══ Data

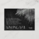 Opt for an Old Hollywood glam look by using the pieces in this wedding suite as shown, with jewels cascading off the diamond-encrusted palm leaves or delete the jewel layers for a slightly more conservative look. This set features leaves in shimmering silver against a dark charcoal, textured background. This wedding 'Wishing Well' card features a corner border of sparkling leaves, and an elegant Serif font to add to the romance plus a template to easily add your initials and wedding date. Choose from three different original poems to suit your desired gifting options for your guests. View the collection link on this page to see other verses in this beautiful design or search ID830 to see additional colour choices for this design.
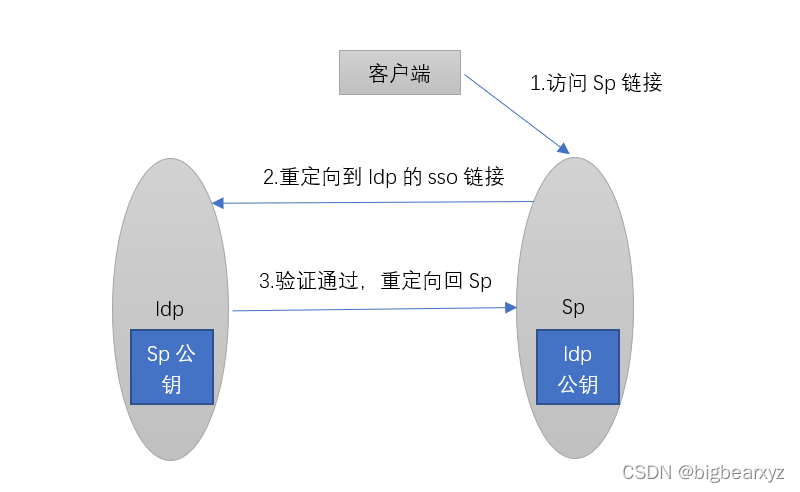 当在客户端输入Sp的url地址,Sp会通过后台重定向到Idp提供的sso地址去进行请求,由于Sp提前保存了Idp的公钥信息,可以顺利的访问到Idp提供的认证地址,在Idp接收到Sp的正常请求后,又会跳转到提前保存好的Sp指定url,同样也由于Idp保存了Sp的公钥信息,可以使得访问顺利进行。
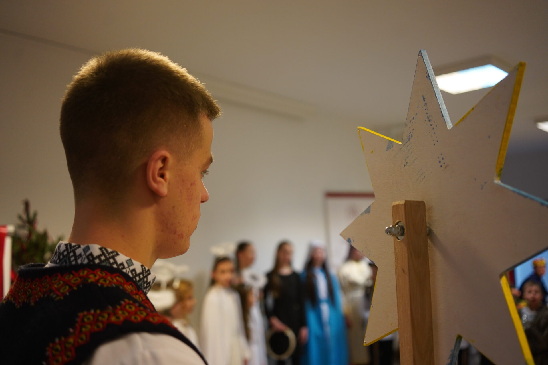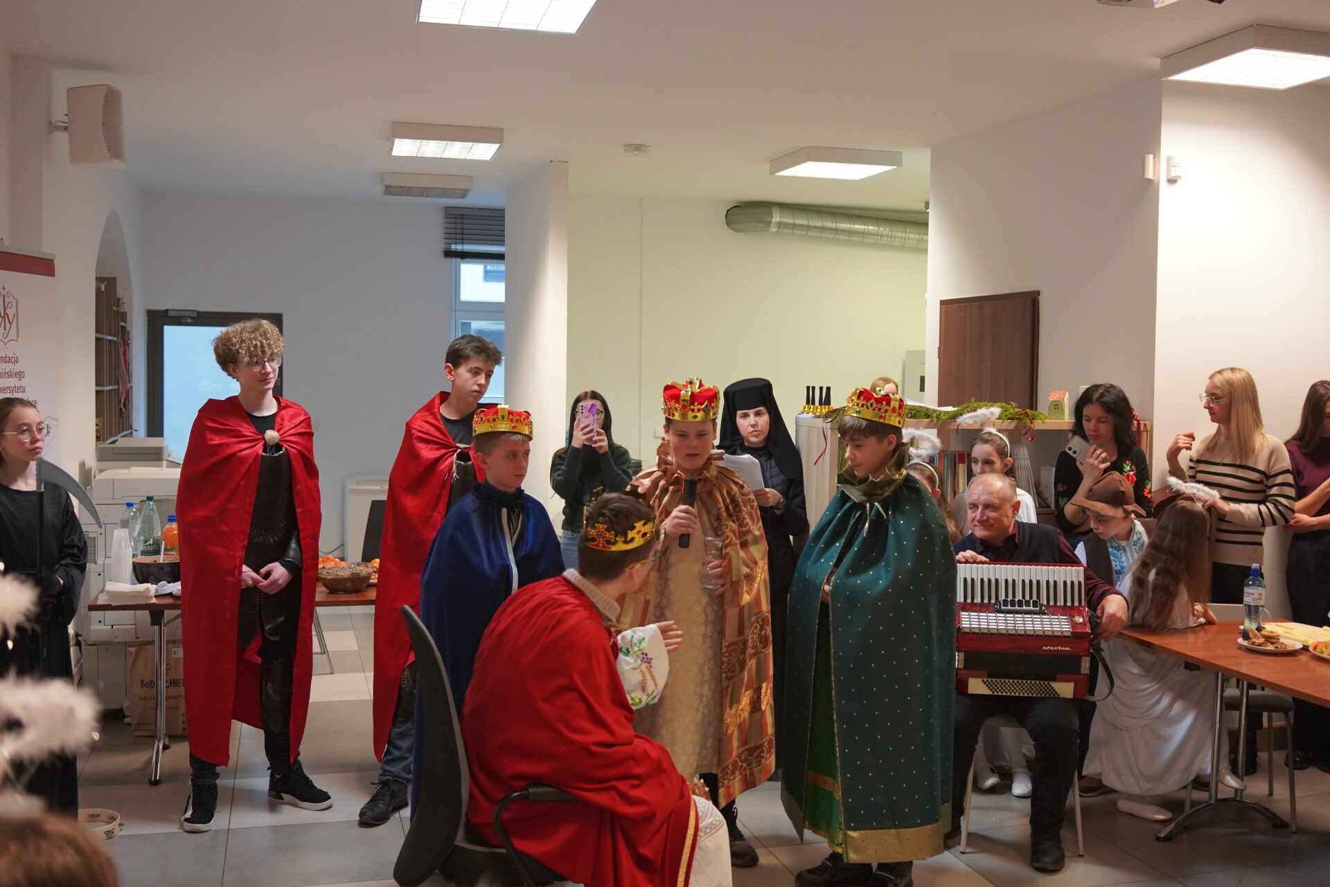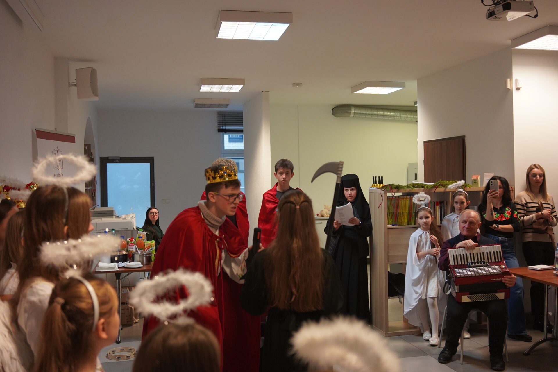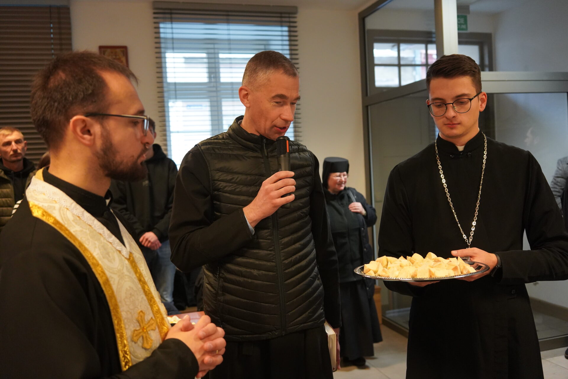 Після божественної Літургії парафіяни перейшли до світлиці, де ділилися освяченою просфорою. Зі словом привітання до присутніх звернувся парох парафії о. Андрій Михалишин, який привітав усіх з наближаючимися святами Різдва Христового та побажав Божого благословення, миру і радості. Особливим моментом цієї зустрічі був виступ парафіяльних дітей, яких підготувала сестра Йосифа. Через сценічне дійство та колядки вони передали зміст і радість народження Спасителя, створивши святкову та піднесену атмосферу.
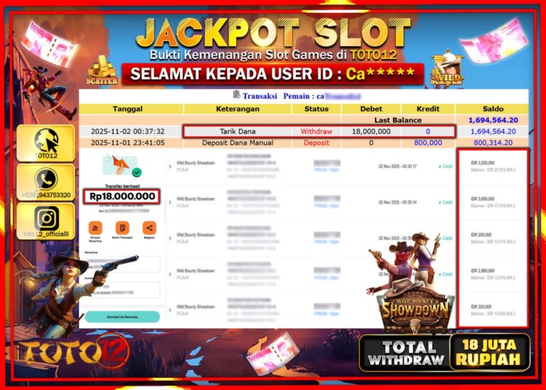Selamat kepada Member Kami Ca****** Telah Jackpot dan berhasil mendapatkan kemenangan besar pada permainan JACKPOT SLOT GAME (WILD BOUNTY SHOWDOWN) Dengan Kemenangan Sebesar Rp.18.000.000 –. Setelah mengisi Fomulir Withdraw dengan Kurang waktu 1-2 Menit Dana sudah kami Trasnfer kepada Pemilik Userid dan dana sudah dapat di cairkan oleh pemenang. Bukti Pembayaran yang TOTO12 berikan merupakan Bukti…

════

### Work item
Could you write out verbatim only those lines that run from the line containing "Після божественної Літургії" through the end of the listing above, both included, without the pictures?

### Task output
 Після божественної Літургії парафіяни перейшли до світлиці, де ділилися освяченою просфорою. Зі словом привітання до присутніх звернувся парох парафії о. Андрій Михалишин, який привітав усіх з наближаючимися святами Різдва Христового та побажав Божого благословення, миру і радості. Особливим моментом цієї зустрічі був виступ парафіяльних дітей, яких підготувала сестра Йосифа. Через сценічне дійство та колядки вони передали зміст і радість народження Спасителя, створивши святкову та піднесену атмосферу.
Selamat kepada Member Kami Ca****** Telah Jackpot dan berhasil mendapatkan kemenangan besar pada permainan JACKPOT SLOT GAME (WILD BOUNTY SHOWDOWN) Dengan Kemenangan Sebesar Rp.18.000.000 –. Setelah mengisi Fomulir Withdraw dengan Kurang waktu 1-2 Menit Dana sudah kami Trasnfer kepada Pemilik Userid dan dana sudah dapat di cairkan oleh pemenang. Bukti Pembayaran yang TOTO12 berikan merupakan Bukti…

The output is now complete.